Baik Myunggi, Jeong Jin Young, Park Seung Ju, Yoo Seon Pil, Lee Jin Oh, Lee Jae Sung, Haque Md Najmul, Lee Hyun-Jeong
Department of Agricultural Biotechnology, College of Agriculture and Life Sciences, Seoul National University, 1 Gwanak-ro, Gwanak-gu, Seoul, 08826, Republic of Korea.
Research Institute of Agriculture and Life Sciences, College of Agriculture and Life Sciences, Seoul National University, Seoul, Republic of Korea.
Genes Nutr. 2020 Aug 17;15(1):14. doi: 10.1186/s12263-020-00673-1.
Testosterone deficiency in men is clinically associated with the development of metabolic syndrome, which manifests as obesity, hepatic steatosis, and type-2 diabetes. We investigated the effects of castration-induced testosterone deficiency on body adiposity and the expression of genes related to lipid metabolism and glucose uptake and androgen signaling in male rats fed a normal diet (ND) or a high-fat diet (HFD).
Changes in lipid and glucose metabolism and androgen signaling were investigated at physiological and molecular levels in the muscle, liver, and adipose tissues of non-castrated and castrated rats under ND or HFD feeding.
Castration-induced testosterone deficiency predisposed animals on ND to early development of fatty liver by activating fatty acid (FA) synthesis, whereas HFD activated hepatic FA uptake CD36 expression, leading to the development of hepatic steatosis. In rats fed ND, castration induced muscle fat accumulation by activating CD36 expression. In the subcutaneous fat of ND-fed rats, castration increased adiposity and the expression of FA synthesis-related genes, but it decreased glucose transporter gene expression. In the abdominal fat of rats fed ND, castration increased adiposity by upregulating FA synthesis-related genes, and HFD promoted adiposity by inducing FA uptake, glucose transporter, and FA synthesis-related gene expression. In rats fed ND, castration decreased body growth and muscle weight and downregulated the expression of genes androgen signaling in the longissimus dorsi muscle.

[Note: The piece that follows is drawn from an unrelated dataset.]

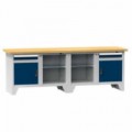 Standardní výbava korpusu stolu obsahuje mechanismus centrálního zamykání zásuvek v každém modulu. Pracovní stoly nabízíme v předdefinovaných sestavách pro každý typ v několika šířkách i hloubkách.Modulární dílenské stoly PS2-5, 2000 x 700 x 880 mm, BUK

Testosterone deficiency increases adiposity in a tissue-specific and diet-dependent manner. Testosterone deficiency decreases body and muscle weights and downregulates androgen signaling.
男性睾酮缺乏在临床上与代谢综合征的发生有关,代谢综合征表现为肥胖、肝脂肪变性和2型糖尿病。我们研究了去势诱导的睾酮缺乏对正常饮食(ND)或高脂饮食(HFD)喂养的雄性大鼠身体脂肪以及与脂质代谢、葡萄糖摄取和雄激素信号相关基因表达的影响。

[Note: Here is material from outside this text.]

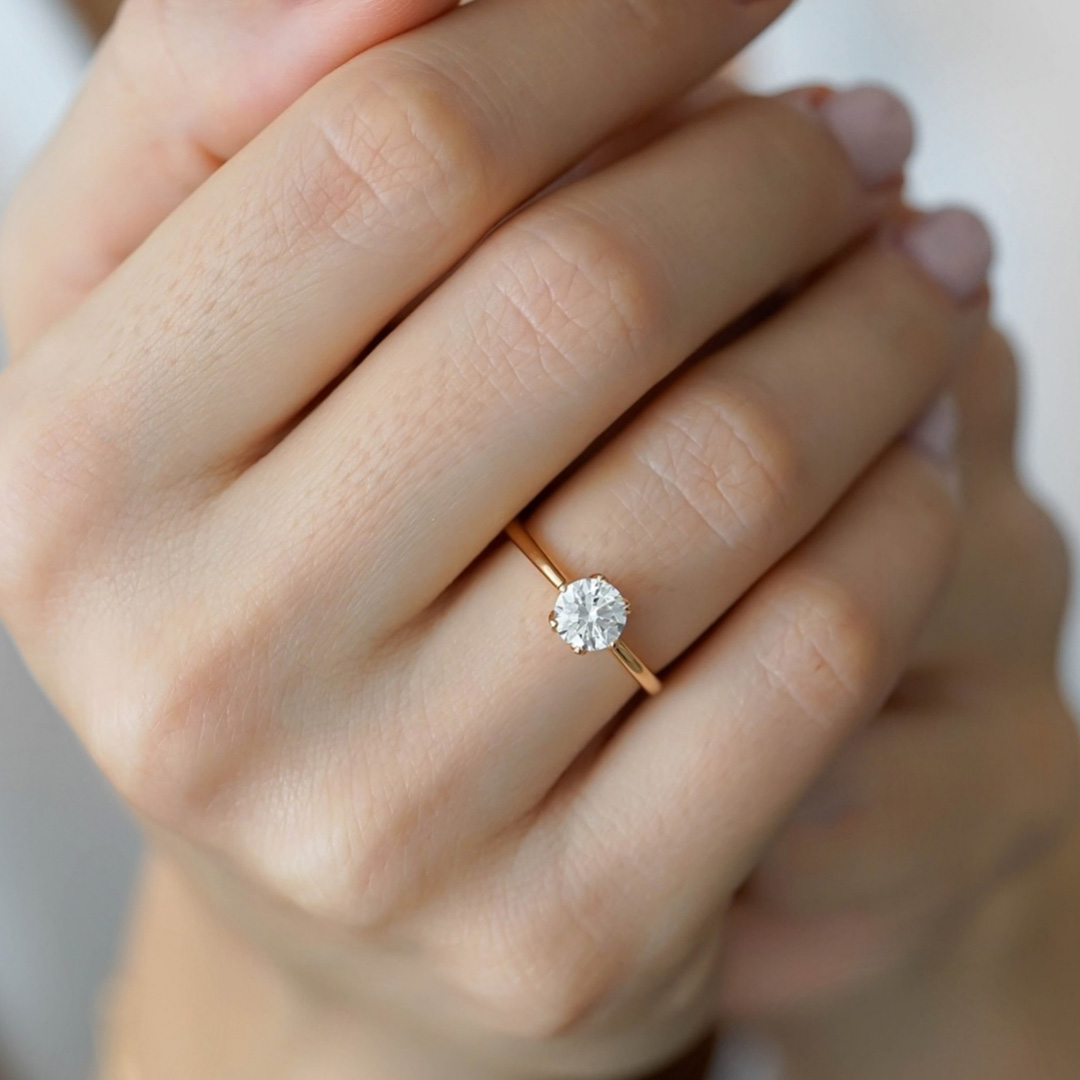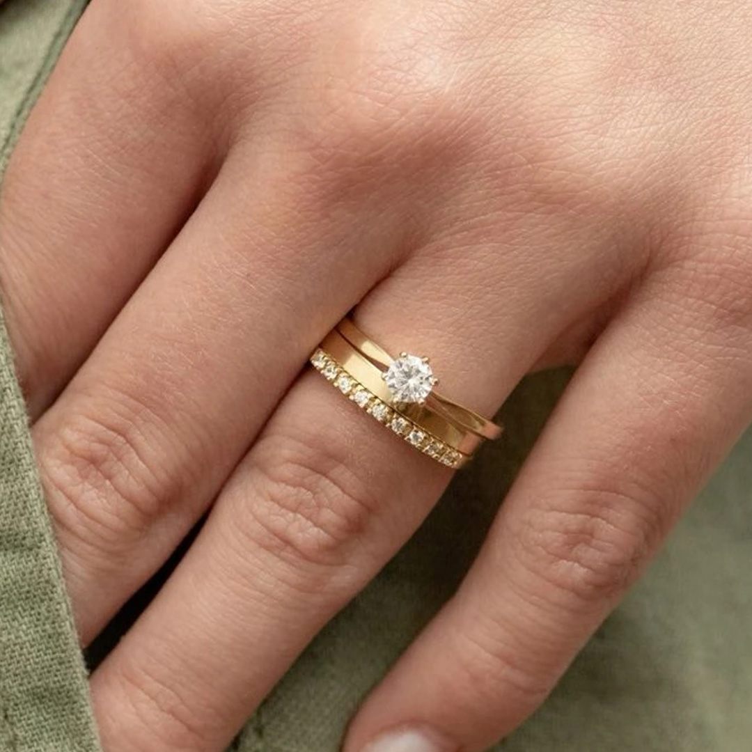 Die richtige Ringgröße ist beim Aussuchen eines Verlobungsrings nicht zwingend notwendig. Der menschliche Körper verändert sich. Finger können je nach Jahreszeit leicht anschwellen oder an kalten Tagen schmaler werden. Die entscheidenden Faktoren sind zusätzlich die Art des Rings und die Breite der Ringschiene. Schmale, kopflastige Ringe wie beispielsweise Solitaire-Ringe werden gerne eine Ringweite kleiner genommen, um einen sicheren und bequemen Sitz zu gewährleisten. Im Gegensatz dazu ist bei breiteren Ringschienen eine etwas größere Ringweite oft angenehmer. Keine Sorge, falls Sie die genaue Ringgröße nicht kennen. Unsere Verlobungsringe werden in einer mittleren Damen-Ringweite gefertigt und können problemlos kleiner und größer gemacht werden. Dieses Service ist bei fast all unseren Verlobungsringen einmalig kostenlos*. Gerne können Sie auch einen Ring aus ihrem Schmuckkästchen mitnehmen, damit wir einen ungefähren Anhaltspunkt haben.

在ND或HFD喂养条件下,对未去势和去势大鼠的肌肉、肝脏和脂肪组织进行生理和分子水平的脂质和葡萄糖代谢以及雄激素信号变化研究。
去势诱导的睾酮缺乏通过激活脂肪酸(FA)合成使ND喂养的动物易患早期脂肪肝,而HFD激活肝脏FA摄取和CD36表达,导致肝脂肪变性的发生。在ND喂养的大鼠中,去势通过激活CD36表达诱导肌肉脂肪堆积。在ND喂养大鼠的皮下脂肪中,去势增加了肥胖和FA合成相关基因的表达,但降低了葡萄糖转运蛋白基因的表达。在ND喂养大鼠的腹部脂肪中,去势通过上调FA合成相关基因增加肥胖,而HFD通过诱导FA摄取、葡萄糖转运蛋白和FA合成相关基因表达促进肥胖。在ND喂养的大鼠中,去势降低了身体生长和肌肉重量,并下调了背最长肌中雄激素信号相关基因的表达。
睾酮缺乏以组织特异性和饮食依赖性方式增加肥胖。睾酮缺乏降低身体和肌肉重量,并下调雄激素信号。